Top of Record excerpts

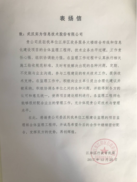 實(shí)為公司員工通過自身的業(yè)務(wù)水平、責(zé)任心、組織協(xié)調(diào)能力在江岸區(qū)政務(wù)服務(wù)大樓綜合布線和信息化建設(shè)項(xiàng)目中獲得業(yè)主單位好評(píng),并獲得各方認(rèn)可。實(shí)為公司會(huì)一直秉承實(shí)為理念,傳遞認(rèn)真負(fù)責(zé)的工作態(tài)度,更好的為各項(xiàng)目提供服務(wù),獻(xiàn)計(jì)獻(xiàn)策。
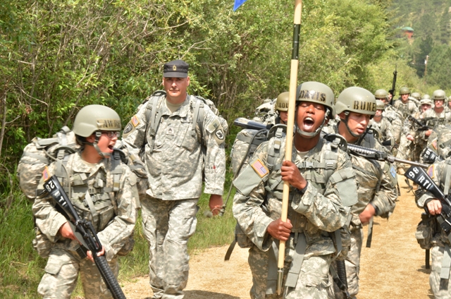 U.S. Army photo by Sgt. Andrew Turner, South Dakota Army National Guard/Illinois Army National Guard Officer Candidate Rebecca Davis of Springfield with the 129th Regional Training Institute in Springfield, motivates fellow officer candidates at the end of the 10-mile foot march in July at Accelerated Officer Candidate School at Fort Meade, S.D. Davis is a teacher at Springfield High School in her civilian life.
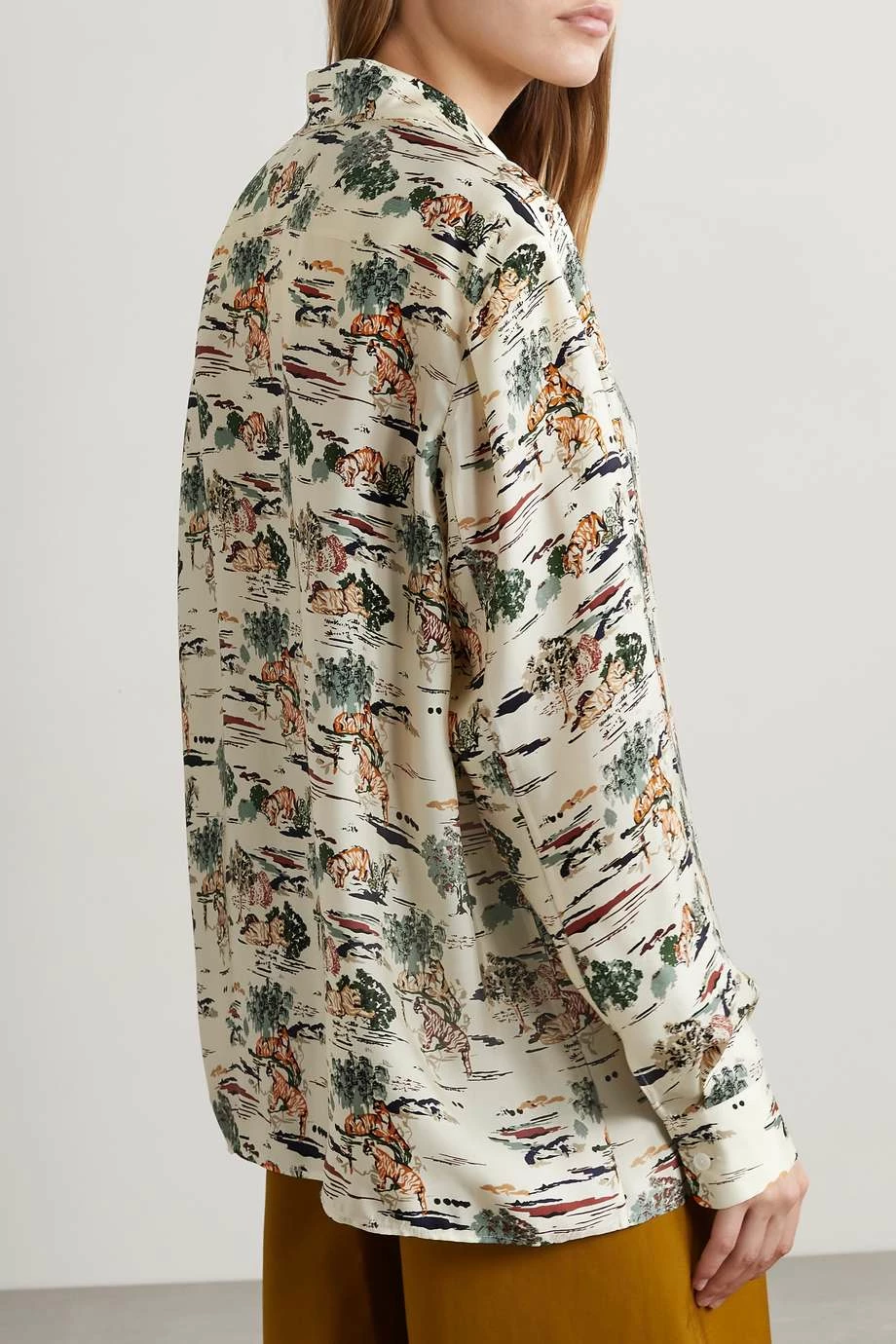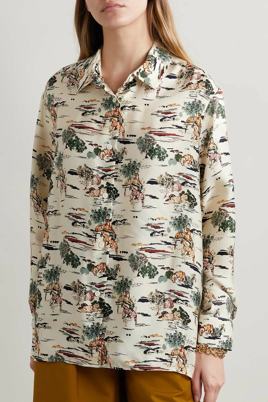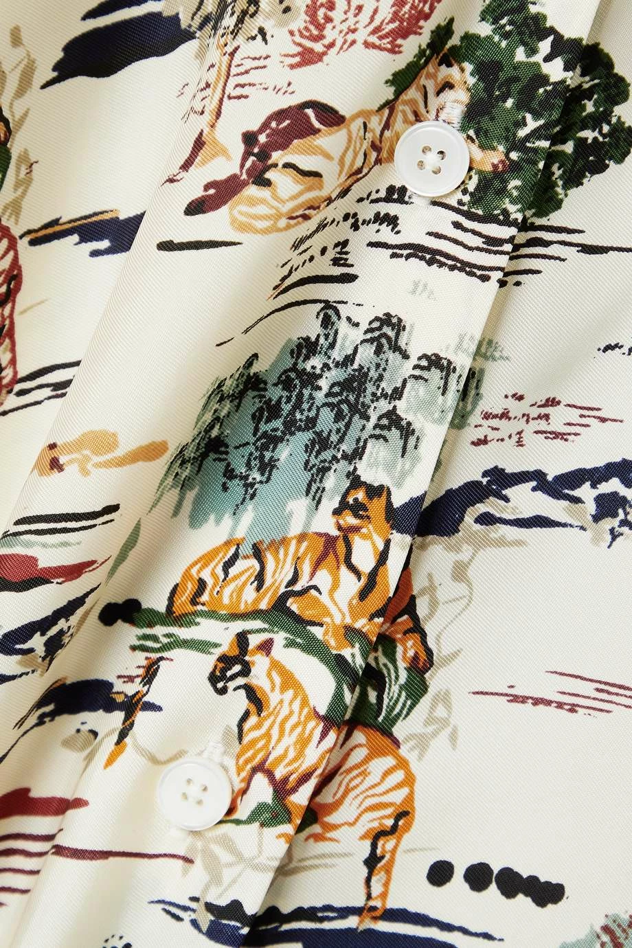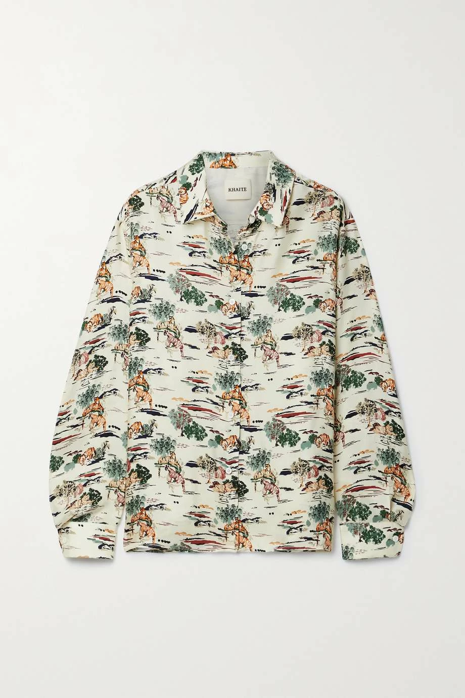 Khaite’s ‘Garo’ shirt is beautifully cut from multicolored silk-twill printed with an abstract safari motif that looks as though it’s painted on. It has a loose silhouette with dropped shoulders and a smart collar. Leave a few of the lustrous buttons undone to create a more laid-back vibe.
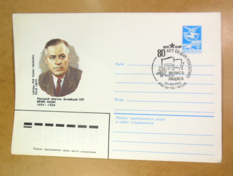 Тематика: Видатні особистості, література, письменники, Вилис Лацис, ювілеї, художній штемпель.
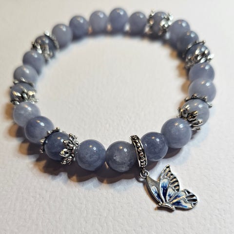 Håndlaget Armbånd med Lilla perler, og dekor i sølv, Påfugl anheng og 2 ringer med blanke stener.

Bottom of Record excerpts

- **Problem requirements**
Every line between the one containing "Тематика: Видатні особистості, література, письменники, Вилис" and the last line of the data above, both included, should be copied exactly, but not the pictures.

- **Exercise output**
 Тематика: Видатні особистості, література, письменники, Вилис Лацис, ювілеї, художній штемпель.
 Håndlaget Armbånd med Lilla perler, og dekor i sølv, Påfugl anheng og 2 ringer med blanke stener.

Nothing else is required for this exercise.